Malate’s The Library: No Borrower’s Card Needed
Right after our COMM322 class observation of cosplayers at the Metrocon, it was Chitchat’s turn to present us Malate’s communication environment.
Malate seems to undergo a transformation every ten years. There was a time when it was where all the art-related happenings took place. Then it became a red light district. Then it got cleaned up. Then it became a red light district again, albeit softened to a considerable degree.
I mean, If I were to go back to my college days at UP Manila, I don’t think I will ever see these:
Yes, your eyes are not deceiving you. These are little boys running around The Library, which used to be a popular gay comedy bar when I was a collegiala in the late 90s. I also remember that the patrons of the bar were predominantly gay. Now they’re a mixture of gay, straight, foreigners, families…
I also noticed how the drag queens seemed to have diffused their once overly colorful language. Oh, they’re still very good at dishing out insults, but they’ve become a whole lot tamer.
Since this particular Communication Behavior class trip was courtesy of Chitchat, I had to ask her if The Library had transferred location. I don’t recall it being this huge. The old bar was cramped, sweaty and horribly dark. This new place is more comfortable. Notice how high that ceiling is? There’s a nice second floor where you can dine and enjoy the show to your heart’s content. We were seated right in front of the stage, though.
Since the place is well-lit, I noticed that it really does look like a library. There were real books on top of those very real shelves. There were paintings hanging on walls. It definitely looked like an artsy-fartsy place.

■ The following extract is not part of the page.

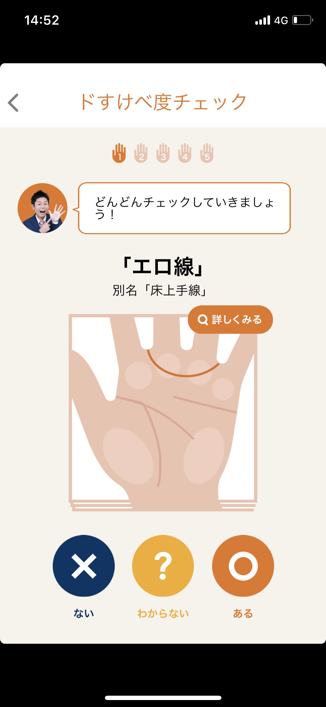 5つの手相の有無で、様々な「○○度」を診断できます。全10種類のうち、「ドすけべ度」「おもしろ芸人度」「理想の上司度」の3つは無料で利用可能です。

I wondered about the foreigners that went to this joint. They don’t understand Tagalog. They obviously can’t get the in-jokes even if we translate the exchanges into English. The humor is cultural. When you go up the stage, like that dude at the bottom left of the above photo, you are practically asking to be made fun of. So I don’t get why foreigners would even dare come here. Maybe they wanted to experience Malate and be verbally abused by a bunch of funny men in women’s dresses?
Oh, and there’s this. Click the photo for a better view. Lovely, isn’t she?
Or I should say, Lovely, isn’t he?
Chitchat and I kept asking each other if this gorgeous creature were male or female. She had hips, a bosom, could hit notes worthy of Carrie Underwood. She could walk in killer heels. It wasn’t until she spoke that we finally had our answer. Oh, but she spoke fluent Japanese, although her Japanese accent is atrocious.
I couldn’t stop staring at her. Ah, such beauty! And I noticed that our professor, Doc Joey, had the same reaction. Haha!
Ok, those two glasses of Long Island Iced Tea have a story. I ordered one glass because I wanted something alcoholic but I wanted it mild. Apparently, The Library‘s Long Island Iced Tea is a powerful concoction; it tastes like alcohol with a teaspoonful of cola. I diluted it with a 500mL bottle of Coke and it was still too strong. You can actually smell its strength from a mile away. So I was left with two glasses of diluted Long Island Iced Tea that I didn’t even get to finish.
I wish I had ordered the regular iced tea instead. Yeah, sissy is me.
After hanging around for an hour or so, we decided to settle into O-Bar. The place isn’t for kids, but you get to see the weirdest things: fake blind people serenading you, peddlers selling snakes, uh…15-year-olds getting shooed by bouncers?
If you go up to their second floor, you’ll observe certain uhm…”non-verbal discourses” going on. Let’s just say that the bar itself is being cautious for a reason:
Here, we processed the two activities we did for the day, my Metro Comic Con 2010 event and Chitchat’s Malate trip. Chitchat gave us a brief but riveting history of Malate, after which I lamented the fact that my beloved arts-centered establishment, Penguin CafĂ©, no longer resides in this area. Sadness.
And this is the only decent pic of O-Bar that I was able to take. Now that I realize it, I should’ve taken photos of the snake peddler, the fake blind serenader, and the scrawny teenagers that the bouncers were shooing away. Those photos would actually be safer compared to the other goings-on.